La posture peut nous aider à nous faire comprendre : le cheval agit beaucoup par imitation, si en même temps que nous demandons le galop, notre corps prend l’attitude du mouvement, à pied ou à cheval, le cheval comprend mieux notre demande.  On peut parler ici "d'homéostasie" qui est une sorte de transmission du mouvement et de l'intention de mouvement. Cela demande le plus souvent
une connexion très  forte entre l'homme et le cheval et est généralement plus efficace à cheval que à terre : parfois, il suffit de penser que l'on va tourner à gauche, pour que déjà, le cheval commence à le faire.

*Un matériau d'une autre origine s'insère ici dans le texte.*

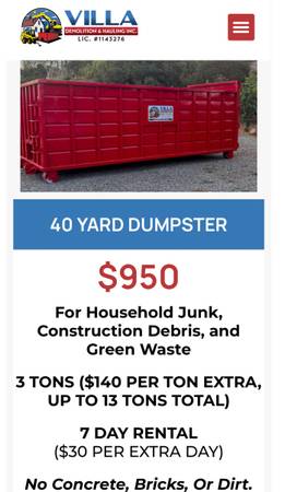 Same day dumpster deliveries by Villa Demolition & Hauling Inc. in San Marcos now offers 3 dumpster sizes in San Diego county! 10yd starting at $500 for 4 days 20yd staring at $780 for 7 days...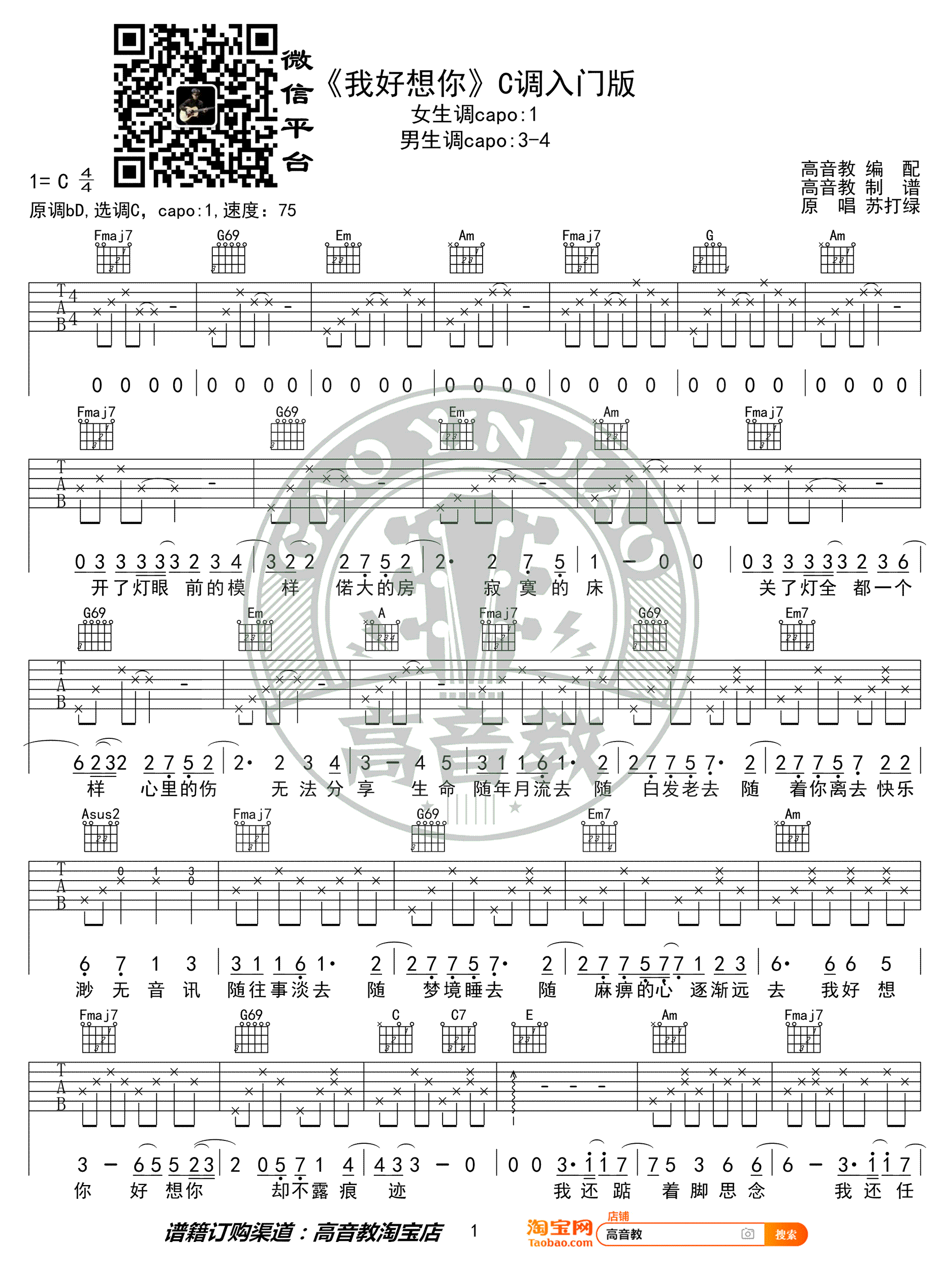 曲谱介绍: 《我好想你》吉他谱,苏打绿吴青峰演唱的一首走心伤感情歌情歌,电影《小时代》主题曲,我好想你六线谱,C调指法入门版编配,女生调夹一品,男生调夹3-4品。感谢高音教出品,吉他源整理分享。

On ne demandera à un cheval que ce qu’il est en mesure de faire.

Quelques mots sur l'obéissance

Le cheval est un animal de groupe, il suit le troupeau, s'écarte, voire se sauve devant un dominant, mais il n'obéit pas : à part "dégage !" on ne donne pas d'ordre chez les chevaux. Tout au plus, lors du guidage par l'arrière de l'étalon, ce dernier incite la jument à prendre telle ou telle direction et celle ci obtempère, ou pas, selon son bon désir. 
L'homme pense souvent que pour que son cheval lui obéisse, il faut qu'il lui soit soumis, que l'homme doit être dominant. C'est faux ! devenir un équivalent-dominant du cheval, permet de se garder en sécurité d'une part, et d'autre part peut permettre de lui inspirer confiance si cette pseudo-dominance n'est pas acquise dans la brutalité. On note que cette confiance est néanmoins un premier vers l'obéissance.

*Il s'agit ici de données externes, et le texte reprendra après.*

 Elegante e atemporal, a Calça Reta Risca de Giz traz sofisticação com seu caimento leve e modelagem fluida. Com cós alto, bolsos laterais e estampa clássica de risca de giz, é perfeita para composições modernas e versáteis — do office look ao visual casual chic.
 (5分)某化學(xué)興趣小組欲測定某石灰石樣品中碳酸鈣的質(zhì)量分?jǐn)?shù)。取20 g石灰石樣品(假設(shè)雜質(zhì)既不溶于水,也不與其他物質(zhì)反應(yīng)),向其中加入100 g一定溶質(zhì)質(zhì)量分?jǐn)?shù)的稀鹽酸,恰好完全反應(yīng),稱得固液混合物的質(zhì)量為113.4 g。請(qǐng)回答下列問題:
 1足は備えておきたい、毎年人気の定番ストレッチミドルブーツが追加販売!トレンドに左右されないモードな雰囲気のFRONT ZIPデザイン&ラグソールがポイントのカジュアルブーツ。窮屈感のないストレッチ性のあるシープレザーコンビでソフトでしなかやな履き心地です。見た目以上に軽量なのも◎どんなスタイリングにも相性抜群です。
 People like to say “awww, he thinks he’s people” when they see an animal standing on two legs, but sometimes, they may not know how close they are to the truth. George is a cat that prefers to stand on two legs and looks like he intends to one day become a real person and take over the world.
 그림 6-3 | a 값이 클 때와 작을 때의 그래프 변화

L'homme pense aussi qu'il doit être le leader du cheval pour que celui-ci fasse ses quatre volontés. C'est mignon, mais assez souvent le leader, celui qui a les bonnes idées, se fait piquer sa touffe d'herbe, autrement dit, il se fait virer, ce qui n'est pas ce que l'on souhaite !
Alors on va dire qu'il faut être un composé des deux : un dominant-leader. Ce n'est pas faux, mais ce n'est pas tout à fait complet pour la simple et bonne raison que l'homme n'étant pas un cheval, il ne peut être que quelque chose qui ne s'approche que très vaguement d'un leader ou d'un dominant et, encore une fois, que de toutes façons il n'y a pas de donneurs d'ordre chez les chevaux. Néanmoins, cela est un bon début.
Dans la nature du cheval, il y a aussi un instinct de coopération et une volonté de confort. C'est son instinct de coopération qui permet sa recherche des comportements satisfaisants nos demandes, ainsi qu'une recherche d'un certain confort (compagnie, cession des aides et donc de la tension, friandise ...). Ainsi, la désobéissance n'est le plus souvent qu'un manque de compréhension, la connaissance du fait que la récompense, c'est-à-dire le confort ne viendra pas (pas de cession des aides par exemple, demande trop prolongée...) ou la connaissance que l'effort demandé lui est désagréable voire impossible ... L'obéissance est donc aussi une affaire d'apprentissage.